Greene, whose inability to modulate the volume of his voice has made him a hilarious caricature in his ubiquitous ads, was the focus of a Washington Post profile a couple weeks ago that calls attention to his Republican past, his friendships with Heidi Fleiss and Mike Tyson (photos of Greene just surfaced with Lindsay Lohan, for chrissakes!) and the fact that he got rich off the foreclosure crisis. Then the Post relates an anecdote from a fundraiser breakfast in Coconut Creek, Fla. "A woman wearing a T-shirt with an eagle flying in front of an American flag asked Greene about the threat posed by radical Muslims," the article states. It quotes Greene responding with something about how the Koran has "all kinds of this crazy stuff." But there was so much more, reports Creative Loafing's Mitch Perry, citing an e-mailed transcript sent out by Meek. 

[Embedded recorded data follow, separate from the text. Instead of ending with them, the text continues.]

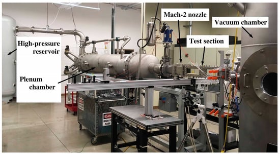 Experiments were carried out in the supersonic blow-down wind tunnel SBR-50 at the University of Notre Dame. An image of the wind tunnel facility is shown in Figure 2. The wind tunnel is composed of a high-pressure reservoir, plenum chamber with an ohmic heater, Mach-2 supersonic nozzle, test section, and a vacuum tank. The plenum chamber pressure can be adjusted by increasing the pressure from the high-pressure reservoir and by heating the air, but the actual stagnation pressure is identified based on the static pressure at the nozzle exit. In the present configuration, Mach-2 supersonic flow is realized at the test section, which has a 76.2 mm × 76.2 mm rectangular cross section at the nozzle exit and a 1° half-angle expansion along the top and bottom walls to compensate the growth of boundary layers. The stagnation temperature can be varied from room temperature up to 800 K. The stagnation pressure can be controlled from 0.1–5 bar as per requirement. The flow duration is 1 s at maximum. In the present work, the stagnation pressure P0 ranged from 1–3 bars and the stagnation temperature T0 varied from 294–600 K. By changing stagnation temperature and pressure, various Reynolds number conditions were achieved, with Reynolds number values ranging from 5.3 × 105 to 3.4 × 106 based on the characteristic distance of 85 mm—measured from the nozzle exit to the leading edge of the compression ramp along the flat test section wall. While the flow at the test section was steady, plasma-assisted flow control was applied for 0.1 s.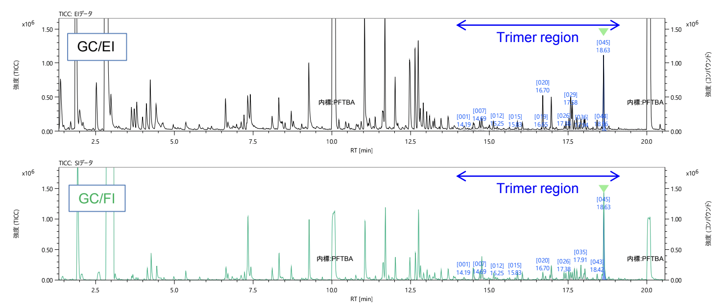 Fig.1に熱分解GC-TOFMS測定で得られたTICクロマトグラムを示す。今回は観測されたアクリル樹脂熱分解生成物のうち、保持時間14~20分のトライマー領域(一部ダイマーも存在)に検出された48成分の解析を行った。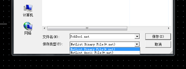 4.选择你所需要导出的网络表的格式:Net Binary file(*.net)为青越锋格式,Net Ascii file(*.net)为protel格式。
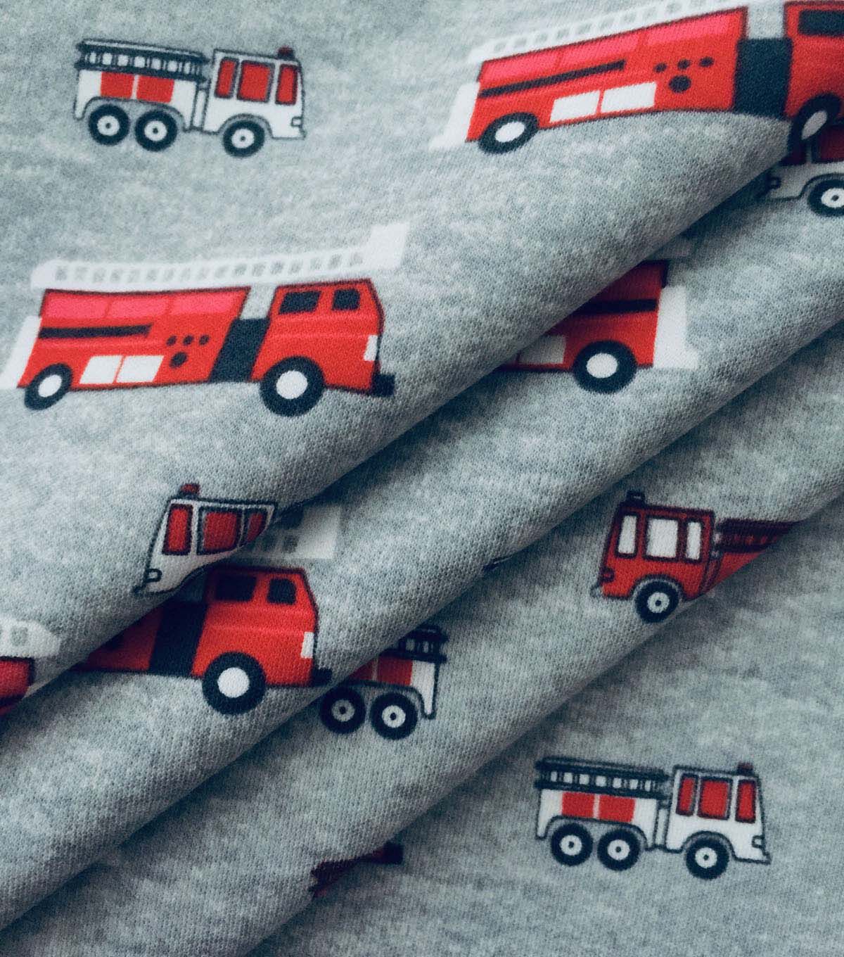 • Firetrucks on Gray Interlock Knit Fabric by POP!

"It's a scary world out there," says Greene. "I believe what I read in the media, and I'm scared, and I'm scared for the world, and I'm scared for America, and that's why I'm running for office." 

So let's see if we understand you correctly, Jeff: You're a gullible, scared-shitless secret Republican who lacks the courage of your convictions. Way to go, Dems!

OK, so let's just put this out there: Orlando is a spoiled brat who doesn't want the ugly kids to show up at her preciously catered princess party. Sound familiar? Last Tuesday the city finally got its way on its compassionately unsound 2006 homeless feeding ordinance when a federal appeals court overturned the original 2008 judgment that allowed the dirty vegans of Food Not Bombs and the God Squad of the First Vagabonds Church of God to enact their truly despicable practice of feeding the homeless out at Lake Eola Park. It's not like we have a homeless problem right now, and even if we do, we don't want to see it. Whatever. We could go on about this for hours – or years, like we have back-issue fans – but for now, we'll let Commissioner Patty Sheehan basically say "fuck you" (again) to the portion of her downtown constituency that doesn't live an idyllic life torn from the pages of a Land's End catalog.

"Over 100 people have been gathering at the park every day, and it's becoming a problem," she whined to the Sentinel. "It's gotten to the point where people are telling me that they are no longer going to take their families to the park anymore." Too bad for the families who can't eat anymore, then.